- [REQUIRED ACTION]: Because the lines must stay identical, write out the data without changing anything.

[Dataset records]
****

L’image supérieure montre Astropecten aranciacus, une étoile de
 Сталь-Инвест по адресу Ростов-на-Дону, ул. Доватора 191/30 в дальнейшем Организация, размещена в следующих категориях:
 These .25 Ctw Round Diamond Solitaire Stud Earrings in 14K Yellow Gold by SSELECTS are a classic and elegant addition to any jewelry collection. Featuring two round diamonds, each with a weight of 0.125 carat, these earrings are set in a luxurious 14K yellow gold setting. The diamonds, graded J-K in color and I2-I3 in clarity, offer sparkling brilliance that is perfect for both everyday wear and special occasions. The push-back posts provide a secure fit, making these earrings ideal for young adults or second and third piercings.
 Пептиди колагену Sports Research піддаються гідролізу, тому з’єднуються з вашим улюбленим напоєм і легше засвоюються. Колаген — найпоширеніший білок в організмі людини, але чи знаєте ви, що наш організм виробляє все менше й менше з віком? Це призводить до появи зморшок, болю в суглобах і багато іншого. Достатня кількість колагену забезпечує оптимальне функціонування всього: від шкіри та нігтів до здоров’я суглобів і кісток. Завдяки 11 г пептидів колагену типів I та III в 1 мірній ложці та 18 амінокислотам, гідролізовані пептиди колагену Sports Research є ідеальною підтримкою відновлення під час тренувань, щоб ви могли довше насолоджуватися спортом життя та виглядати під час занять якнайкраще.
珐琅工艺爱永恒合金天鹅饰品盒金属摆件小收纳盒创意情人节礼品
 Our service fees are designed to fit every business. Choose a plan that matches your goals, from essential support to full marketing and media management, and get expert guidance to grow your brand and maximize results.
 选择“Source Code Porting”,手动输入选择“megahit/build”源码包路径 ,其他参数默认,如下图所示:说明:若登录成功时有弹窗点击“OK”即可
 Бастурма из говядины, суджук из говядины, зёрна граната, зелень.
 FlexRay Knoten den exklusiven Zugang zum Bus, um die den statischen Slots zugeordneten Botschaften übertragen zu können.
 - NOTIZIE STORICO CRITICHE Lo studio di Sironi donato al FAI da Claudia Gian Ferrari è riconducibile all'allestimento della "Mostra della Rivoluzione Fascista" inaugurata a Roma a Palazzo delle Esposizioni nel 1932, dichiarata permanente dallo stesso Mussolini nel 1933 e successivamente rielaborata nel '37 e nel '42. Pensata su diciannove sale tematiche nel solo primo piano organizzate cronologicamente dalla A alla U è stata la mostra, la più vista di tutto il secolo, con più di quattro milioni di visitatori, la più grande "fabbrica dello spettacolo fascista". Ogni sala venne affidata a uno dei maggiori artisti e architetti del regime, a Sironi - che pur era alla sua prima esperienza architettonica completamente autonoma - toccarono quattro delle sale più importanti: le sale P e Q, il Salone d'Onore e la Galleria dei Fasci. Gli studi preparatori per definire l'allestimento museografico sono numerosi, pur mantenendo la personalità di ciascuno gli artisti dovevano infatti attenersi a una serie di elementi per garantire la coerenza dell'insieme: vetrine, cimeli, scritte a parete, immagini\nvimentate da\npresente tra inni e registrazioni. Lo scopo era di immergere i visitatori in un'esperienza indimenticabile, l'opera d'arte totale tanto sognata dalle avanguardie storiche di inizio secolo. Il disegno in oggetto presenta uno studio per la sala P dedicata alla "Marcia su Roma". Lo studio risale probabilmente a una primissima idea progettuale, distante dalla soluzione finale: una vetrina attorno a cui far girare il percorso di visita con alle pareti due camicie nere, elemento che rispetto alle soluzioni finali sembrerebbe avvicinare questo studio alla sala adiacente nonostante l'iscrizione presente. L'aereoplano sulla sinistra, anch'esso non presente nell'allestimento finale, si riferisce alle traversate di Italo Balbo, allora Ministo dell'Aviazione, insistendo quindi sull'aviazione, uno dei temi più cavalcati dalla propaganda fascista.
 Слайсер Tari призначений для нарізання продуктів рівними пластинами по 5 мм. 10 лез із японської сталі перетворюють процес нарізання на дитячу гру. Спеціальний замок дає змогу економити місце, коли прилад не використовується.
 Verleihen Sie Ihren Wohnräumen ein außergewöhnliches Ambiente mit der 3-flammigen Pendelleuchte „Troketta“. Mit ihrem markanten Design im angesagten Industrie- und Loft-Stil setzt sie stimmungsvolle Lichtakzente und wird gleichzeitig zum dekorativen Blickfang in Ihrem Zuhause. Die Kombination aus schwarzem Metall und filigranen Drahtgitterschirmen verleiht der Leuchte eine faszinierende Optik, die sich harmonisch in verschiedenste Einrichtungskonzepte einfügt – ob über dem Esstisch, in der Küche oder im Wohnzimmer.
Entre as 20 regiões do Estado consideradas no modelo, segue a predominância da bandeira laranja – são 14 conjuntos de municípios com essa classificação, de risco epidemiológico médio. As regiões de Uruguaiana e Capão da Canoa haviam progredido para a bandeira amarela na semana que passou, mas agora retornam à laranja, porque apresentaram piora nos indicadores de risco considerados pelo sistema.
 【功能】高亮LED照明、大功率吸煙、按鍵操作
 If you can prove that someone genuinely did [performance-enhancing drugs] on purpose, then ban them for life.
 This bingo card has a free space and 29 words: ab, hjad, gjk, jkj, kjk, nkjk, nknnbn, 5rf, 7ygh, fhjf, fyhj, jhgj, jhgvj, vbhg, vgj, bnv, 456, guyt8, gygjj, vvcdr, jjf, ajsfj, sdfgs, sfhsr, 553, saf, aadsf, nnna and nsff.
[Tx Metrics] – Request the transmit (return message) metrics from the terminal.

****

- [RESPONSE TO THIS EXERCISE]:
L’image supérieure montre Astropecten aranciacus, une étoile de
 Сталь-Инвест по адресу Ростов-на-Дону, ул. Доватора 191/30 в дальнейшем Организация, размещена в следующих категориях:
 These .25 Ctw Round Diamond Solitaire Stud Earrings in 14K Yellow Gold by SSELECTS are a classic and elegant addition to any jewelry collection. Featuring two round diamonds, each with a weight of 0.125 carat, these earrings are set in a luxurious 14K yellow gold setting. The diamonds, graded J-K in color and I2-I3 in clarity, offer sparkling brilliance that is perfect for both everyday wear and special occasions. The push-back posts provide a secure fit, making these earrings ideal for young adults or second and third piercings.
 Пептиди колагену Sports Research піддаються гідролізу, тому з’єднуються з вашим улюбленим напоєм і легше засвоюються. Колаген — найпоширеніший білок в організмі людини, але чи знаєте ви, що наш організм виробляє все менше й менше з віком? Це призводить до появи зморшок, болю в суглобах і багато іншого. Достатня кількість колагену забезпечує оптимальне функціонування всього: від шкіри та нігтів до здоров’я суглобів і кісток. Завдяки 11 г пептидів колагену типів I та III в 1 мірній ложці та 18 амінокислотам, гідролізовані пептиди колагену Sports Research є ідеальною підтримкою відновлення під час тренувань, щоб ви могли довше насолоджуватися спортом життя та виглядати під час занять якнайкраще.
珐琅工艺爱永恒合金天鹅饰品盒金属摆件小收纳盒创意情人节礼品
 Our service fees are designed to fit every business. Choose a plan that matches your goals, from essential support to full marketing and media management, and get expert guidance to grow your brand and maximize results.
 选择“Source Code Porting”,手动输入选择“megahit/build”源码包路径 ,其他参数默认,如下图所示:说明:若登录成功时有弹窗点击“OK”即可
 Бастурма из говядины, суджук из говядины, зёрна граната, зелень.
 FlexRay Knoten den exklusiven Zugang zum Bus, um die den statischen Slots zugeordneten Botschaften übertragen zu können.
 - NOTIZIE STORICO CRITICHE Lo studio di Sironi donato al FAI da Claudia Gian Ferrari è riconducibile all'allestimento della "Mostra della Rivoluzione Fascista" inaugurata a Roma a Palazzo delle Esposizioni nel 1932, dichiarata permanente dallo stesso Mussolini nel 1933 e successivamente rielaborata nel '37 e nel '42. Pensata su diciannove sale tematiche nel solo primo piano organizzate cronologicamente dalla A alla U è stata la mostra, la più vista di tutto il secolo, con più di quattro milioni di visitatori, la più grande "fabbrica dello spettacolo fascista". Ogni sala venne affidata a uno dei maggiori artisti e architetti del regime, a Sironi - che pur era alla sua prima esperienza architettonica completamente autonoma - toccarono quattro delle sale più importanti: le sale P e Q, il Salone d'Onore e la Galleria dei Fasci. Gli studi preparatori per definire l'allestimento museografico sono numerosi, pur mantenendo la personalità di ciascuno gli artisti dovevano infatti attenersi a una serie di elementi per garantire la coerenza dell'insieme: vetrine, cimeli, scritte a parete, immagini\nvimentate da\npresente tra inni e registrazioni. Lo scopo era di immergere i visitatori in un'esperienza indimenticabile, l'opera d'arte totale tanto sognata dalle avanguardie storiche di inizio secolo. Il disegno in oggetto presenta uno studio per la sala P dedicata alla "Marcia su Roma". Lo studio risale probabilmente a una primissima idea progettuale, distante dalla soluzione finale: una vetrina attorno a cui far girare il percorso di visita con alle pareti due camicie nere, elemento che rispetto alle soluzioni finali sembrerebbe avvicinare questo studio alla sala adiacente nonostante l'iscrizione presente. L'aereoplano sulla sinistra, anch'esso non presente nell'allestimento finale, si riferisce alle traversate di Italo Balbo, allora Ministo dell'Aviazione, insistendo quindi sull'aviazione, uno dei temi più cavalcati dalla propaganda fascista.
 Слайсер Tari призначений для нарізання продуктів рівними пластинами по 5 мм. 10 лез із японської сталі перетворюють процес нарізання на дитячу гру. Спеціальний замок дає змогу економити місце, коли прилад не використовується.
 Verleihen Sie Ihren Wohnräumen ein außergewöhnliches Ambiente mit der 3-flammigen Pendelleuchte „Troketta“. Mit ihrem markanten Design im angesagten Industrie- und Loft-Stil setzt sie stimmungsvolle Lichtakzente und wird gleichzeitig zum dekorativen Blickfang in Ihrem Zuhause. Die Kombination aus schwarzem Metall und filigranen Drahtgitterschirmen verleiht der Leuchte eine faszinierende Optik, die sich harmonisch in verschiedenste Einrichtungskonzepte einfügt – ob über dem Esstisch, in der Küche oder im Wohnzimmer.
Entre as 20 regiões do Estado consideradas no modelo, segue a predominância da bandeira laranja – são 14 conjuntos de municípios com essa classificação, de risco epidemiológico médio. As regiões de Uruguaiana e Capão da Canoa haviam progredido para a bandeira amarela na semana que passou, mas agora retornam à laranja, porque apresentaram piora nos indicadores de risco considerados pelo sistema.
 【功能】高亮LED照明、大功率吸煙、按鍵操作
 If you can prove that someone genuinely did [performance-enhancing drugs] on purpose, then ban them for life.
 This bingo card has a free space and 29 words: ab, hjad, gjk, jkj, kjk, nkjk, nknnbn, 5rf, 7ygh, fhjf, fyhj, jhgj, jhgvj, vbhg, vgj, bnv, 456, guyt8, gygjj, vvcdr, jjf, ajsfj, sdfgs, sfhsr, 553, saf, aadsf, nnna and nsff.
[Tx Metrics] – Request the transmit (return message) metrics from the terminal.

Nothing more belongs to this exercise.